67. In evaluating the testimony and opinions of each of the experts who testified, the Court considered the following:
a. The expert's qualifications, i.e., education, knowledge, experience and training;
b. The information available to the expert, i.e. police reports, hotel security reports, Oahu Community Correctional Center records, Castle Hospital records, etc. . . . [;]
c. Any other information gathered by the expert, i.e., interviews with [Huynh's] family, co-workers, witnesses to the two prior threatening incidents, and witnesses to the instant stabbing;
d. The expert's opinion;
e. The basis for the expert's opinion; and
f. The other evidence introduced at trial, i.e., witnesses, exhibits and stipulations.

68. Based upon the totality of evidence, this Court finds the testimony of the State's experts -- D. Douglas Smith, M.D., Terrance Wade, Ph.D, and Leonard Jacobs, M.D. -- more compelling and persuasive than the testimony of the defense experts -- Olaf Gitter, Ph.D and Thomas Merrill, M.D., on the issue of legal insanity.

. . . .

70. Based upon the expert testimony, this Court finds and concludes that [Huynh] appears to have been suffering from a mental disease, i.e., schizophrenia, at the time of the killing.

71. This Court does not find or conclude, however, that as a result of his mental disease, either [Huynh's] cognitive or volitional capacity was substantially impaired.

72. As such, this Court finds and concludes that [Huynh] has failed to meet his burden of affirmatively proving the insanity defense.

73. After considering all the evidence and the applicable law, this Court finds and concludes as follows:

. . . .

c. Based upon the credible and persuasive testimony of the State's mental health experts, [Huynh] retained substantial capacity to appreciate the wrongfulness of his conduct and to conform his conduct to the requirements of the law; as such, [Huynh] does not meet the legal requirements for the insanity defense[.]

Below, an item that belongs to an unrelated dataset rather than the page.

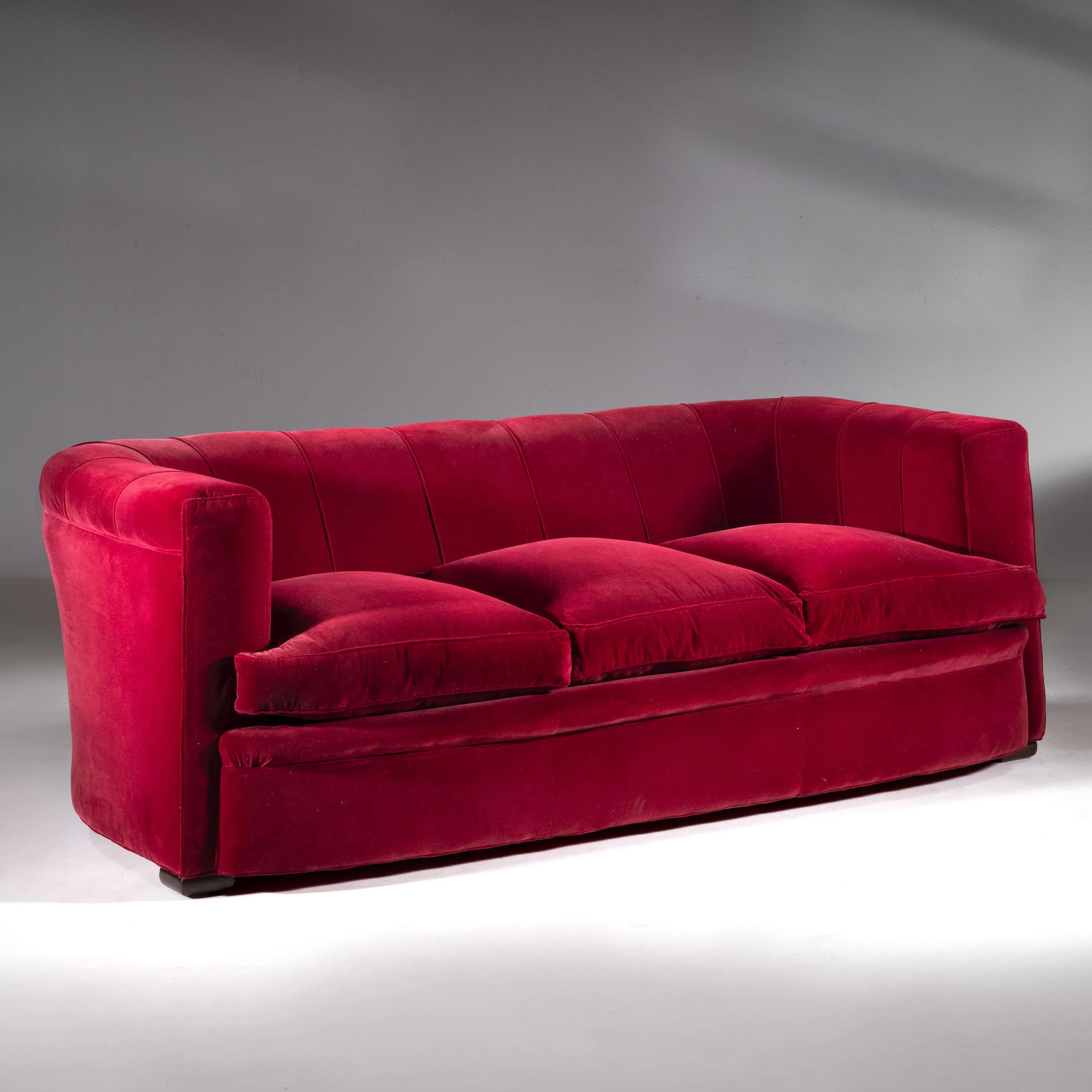 SOFA, WOODEN SCRUCTURE, RED FABRIC UPHOLSTERED

3. In United States v. Duarte-Higareda, 113 F.3d 1000 (9th Cir. 1997), the defendant, who was not fluent in English, had signed an English-language waiver form, but the record was silent as to whether the form had been translated for him. Id. at 1002. On appeal, the United States Court of Appeals for the Ninth Circuit vacated, finding that the language barrier constituted a "special disadvantage or disability" bearing upon the defendant's ability to understand the waiver of a jury trial and thus requiring a more extensive colloquy between the district court and the defendant to ensure voluntariness. Id. at 1003. The Ninth Circuit concluded that the language barrier in that case was a salient fact giving notice to the district court that the defendant's waiver was less than voluntary. Id.